To assess the impact of recent deforestation, we quantified the area of core forty-spotted pardalote refuge habitat using two data sources: (i) a 30-year-old spatial layer of core refuge habitat (Brown 1986; Natural Values Atlas www.naturalvaluesatlas.tas.gov.au, accessed 1 September 2015) and (ii) a recent map of vegetation types TASVEG 3.0 (Department of Primary Industries, Parks Water and Environment 2013) to identify key forest habitats. We assessed contemporary habitat loss/disturbance using a spatial layer of forest loss derived from Landsat imagery at 30 × 30 m resolution (Hansen et al. 2013). Hansen et al. (2013) classifies ‘forest loss’ as the result of land clearing, timber harvesting and wildfire. Here, we defined the cumulative area of impact of these processes as deforestation area. Using ArcMap 10.2, we estimated the total area of potential habitat of the forty-spotted pardalote and the total area of habitat affected by recent deforestation.
The forty-spotted pardalote's current and historical distribution is highly fire-prone (Appendices S3,S4). To assess the potential historical impacts of fire on refuges, we used a spatial layer of fires in Tasmania (1969–2016; Tasmanian Fire Service 2017) to estimate the area of forty-spotted pardalote habitat affected by wildfire during this period. We also assessed the future risk of fires occurring in refuges using the Tasmanian Bushfire Risk Assessment Model (Parks and Wildlife Service, unpubl. data, 2014–2016) by quantifying the area of each refuge and its respective ‘fire ignition potential’. Ignition potential in this model is based on the number of historical fires, lightning probability and Bureau of Meteorology observations.
Noisy miners do not currently occur in forty-spotted pardalote refuges. However, they are widespread on the Tasmanian mainland, having expanded with land clearance (MacDonald & Kirkpatrick 2003). To examine possible historical impacts of noisy miners on pardalote populations and assess the future risk of noisy miner colonisation of refuge habitat, we compared noisy miner environmental suitability of forty-spotted pardalote refuges and their historical range. We modelled environmental suitability for noisy miners across Tasmania using MaxEnt (Phillips et al. 2006). We used verified occurrence data with a location accuracy <500 m downloaded from the Atlas of Living Australia (ALA, http://www.ala.org.au, downloaded 4/9/2016). We also included unpublished data collected by the authors, resulting in a total of 1550 noisy miner records for modelling. Predictor variables were total rainfall during the driest quarter, mean temperature of the warmest quarter, minimum temperature of the coldest period, temperature seasonality, vegetation cover (cleared or not), and ecosystem type (11 categories, reclassified from the Major Vegetation subgroups from the National Vegetation Information System v4.1, Australian Government 2012); these variables are known to relate to noisy miner prevalence and abundance (Maron et al. 2013; Thomson et al. 2015).
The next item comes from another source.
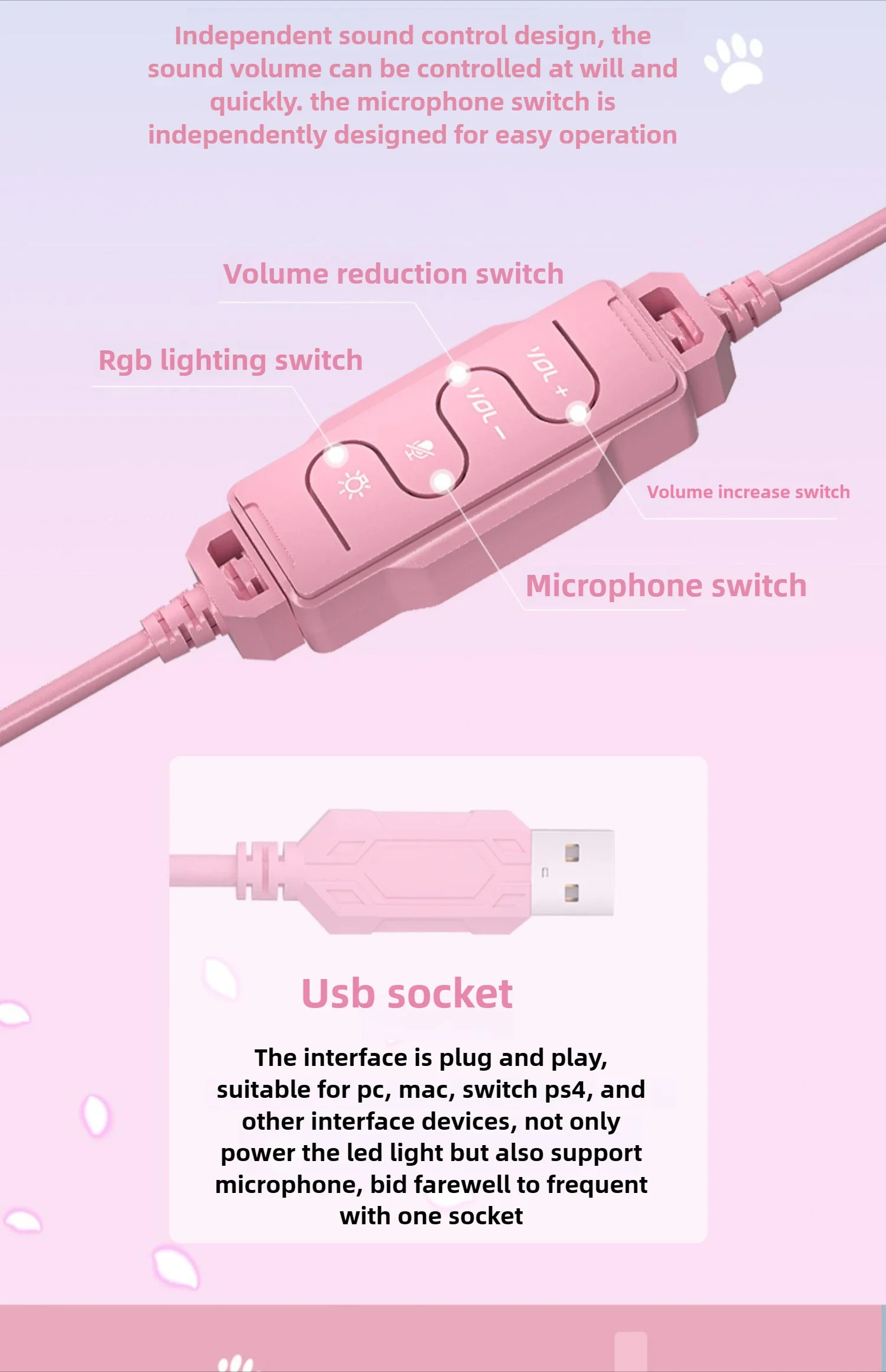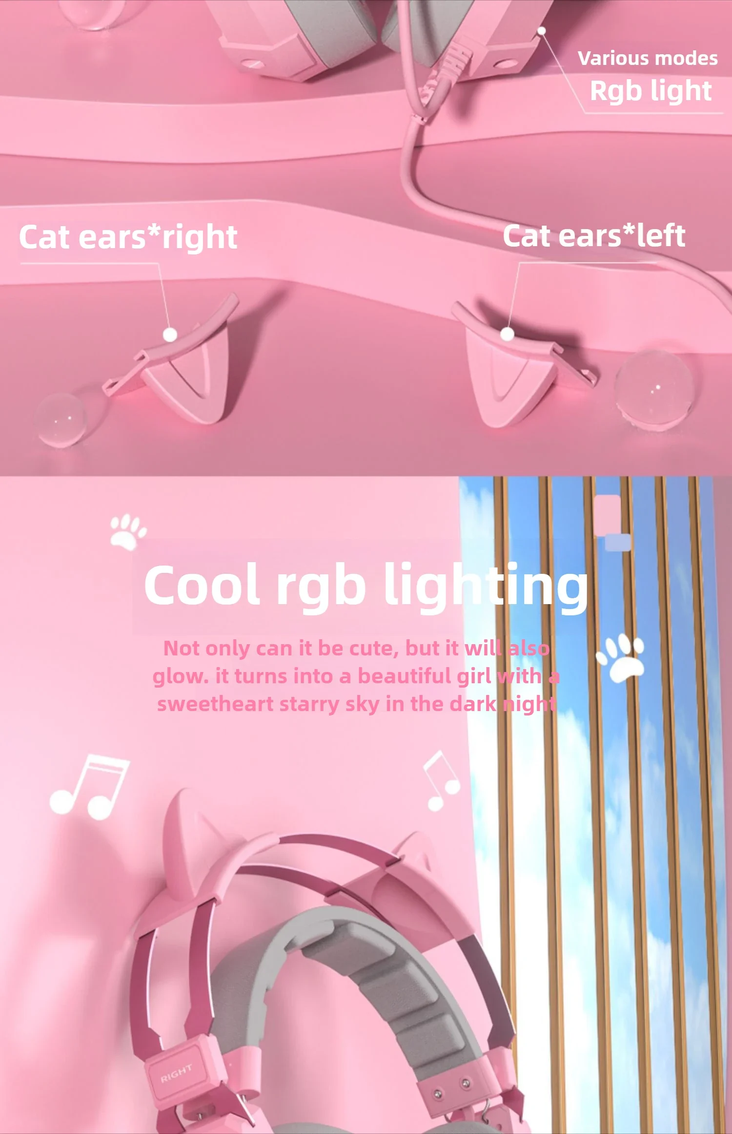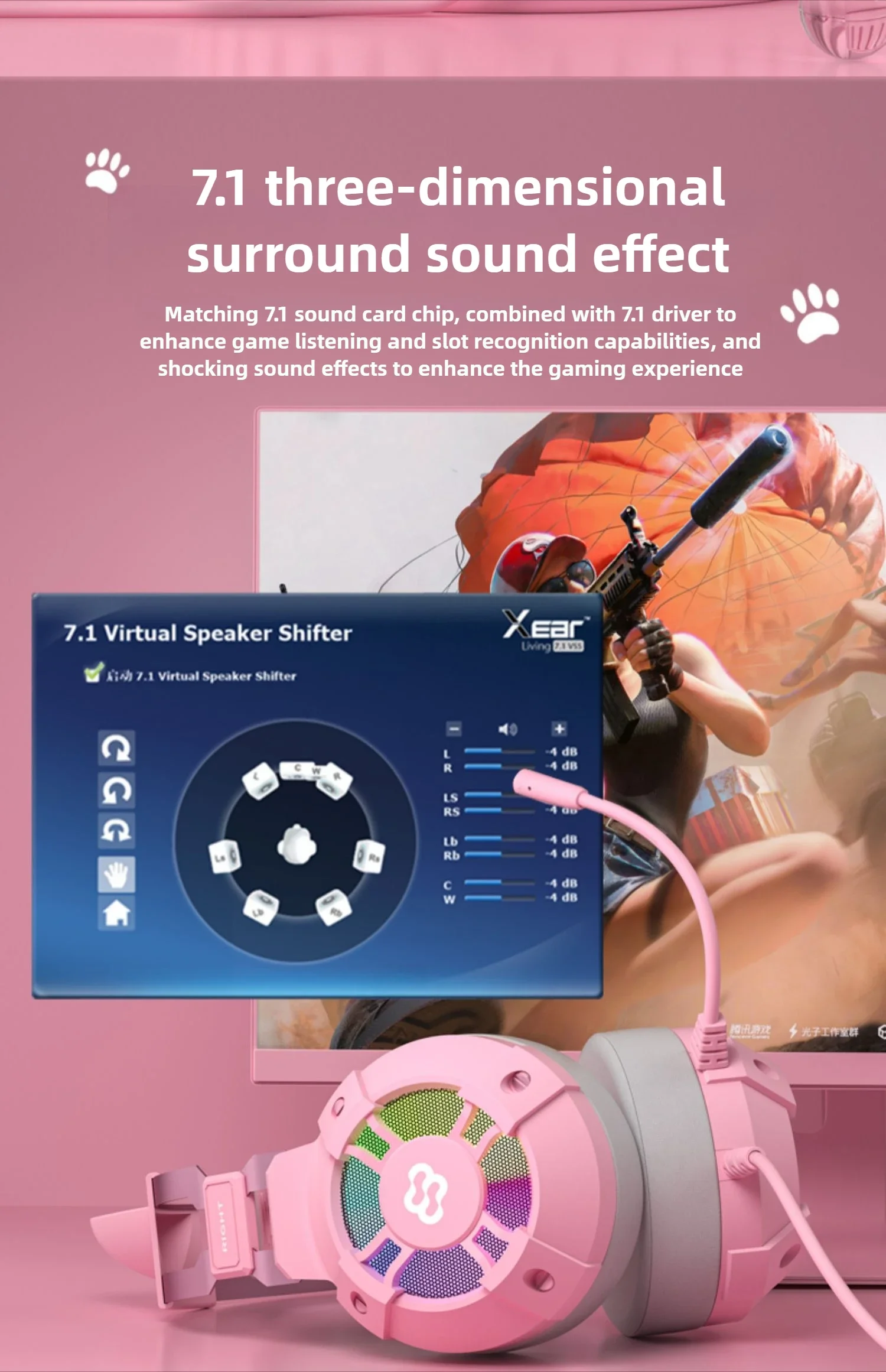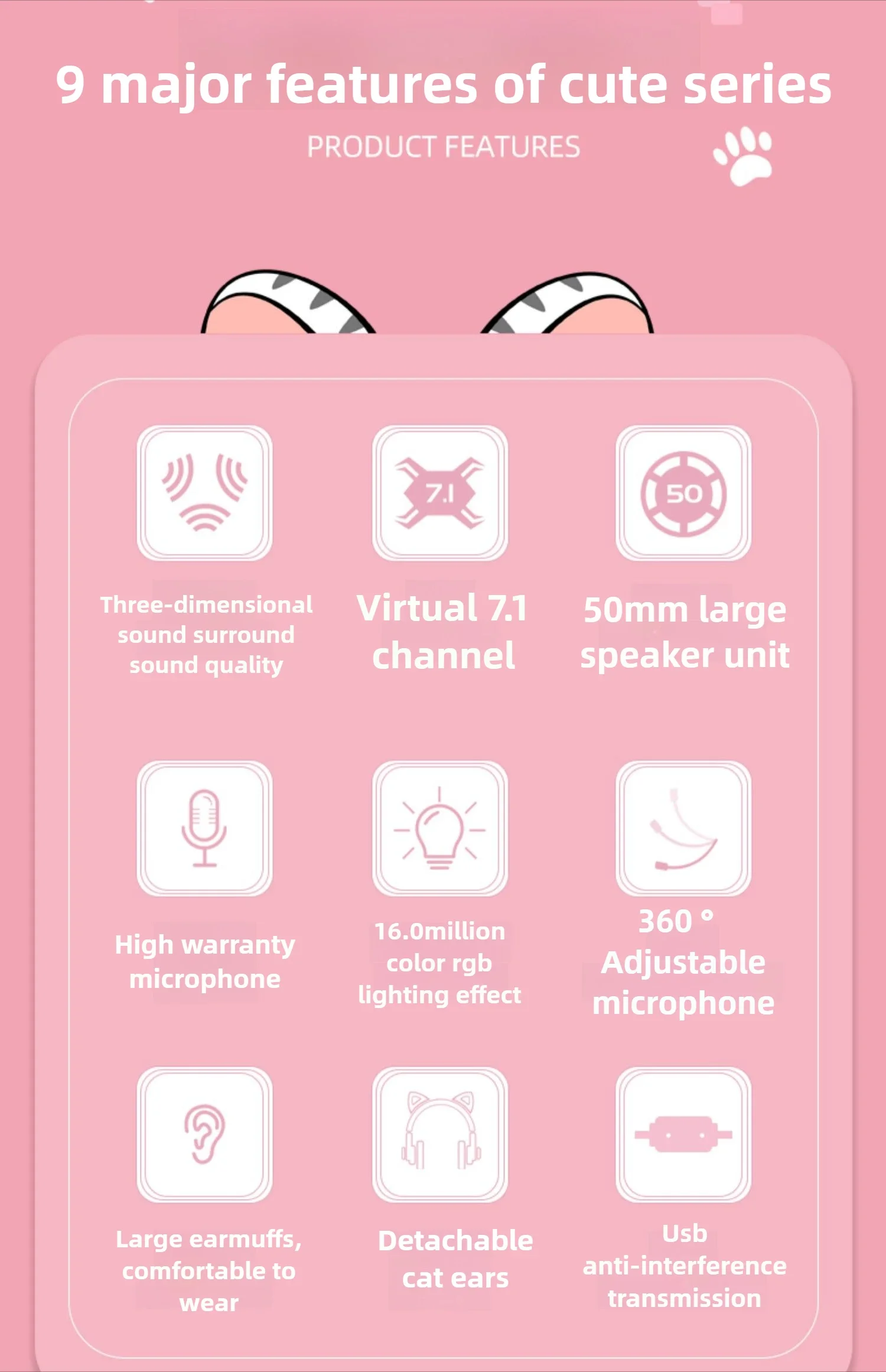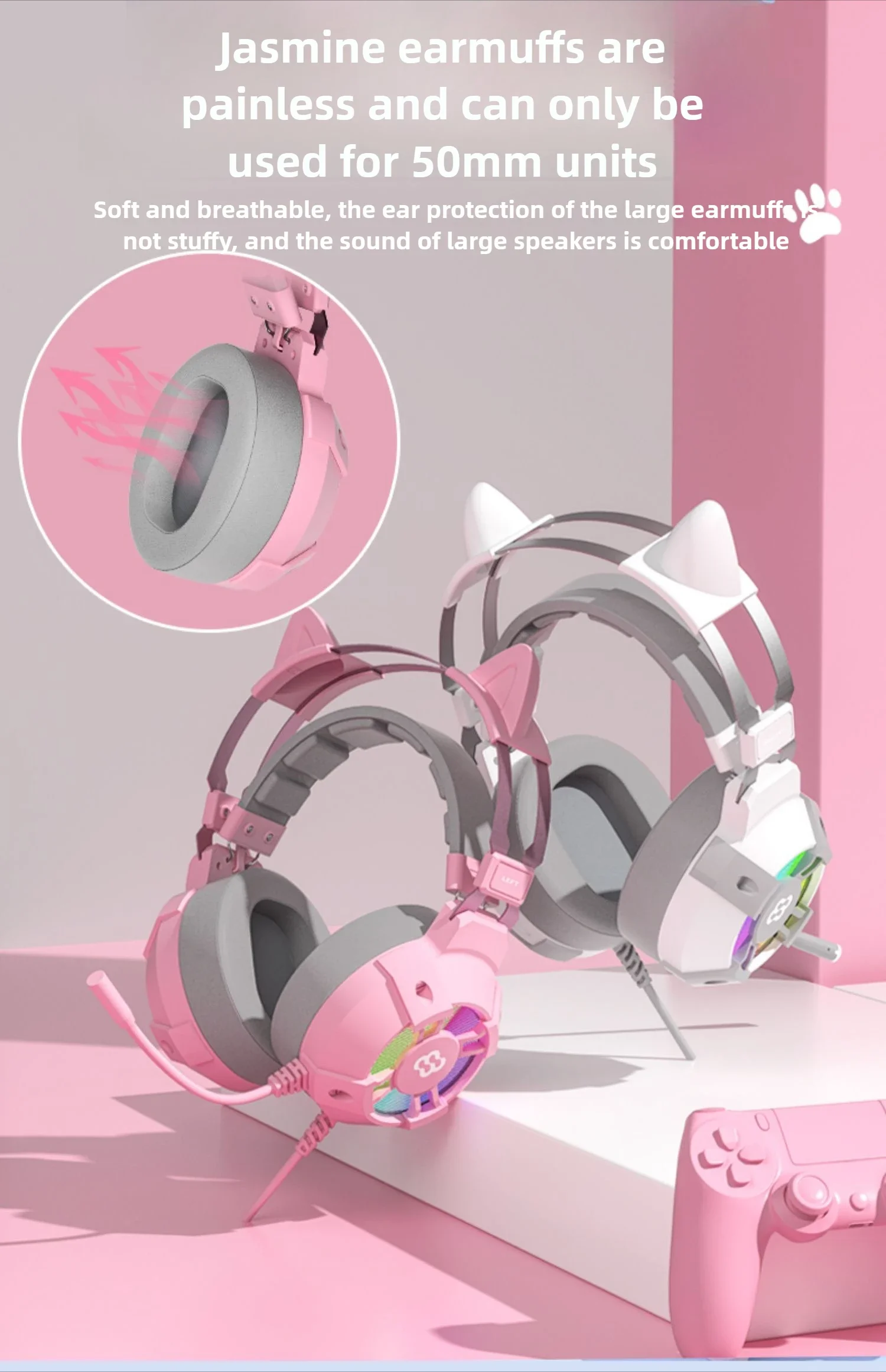 Waller E68 auriculares para juegos con orejas de gato 7,1 auriculares estéreo virtuales Surround Bass con micrófono luces LED para jugadores de PC plegables

Based on model outputs, we assessed the environmental suitability of forty-spotted pardalote refuges for noisy miners. We reclassified the Maxent logistic output into predictions of noisy miner presence or absence using equal sensitivity and specificity threshold values for each year (Liu et al. 2013). This resulted in a map of predicted suitable or unsuitable environments. This map aimed to represent current suitability and did not account for potential expansion of the species resulting from future disturbance or a changing climate. The potential impacts of climate change were considered in the context of the species’ highly restricted distribution and likely exacerbation of other known threats (e.g. fire).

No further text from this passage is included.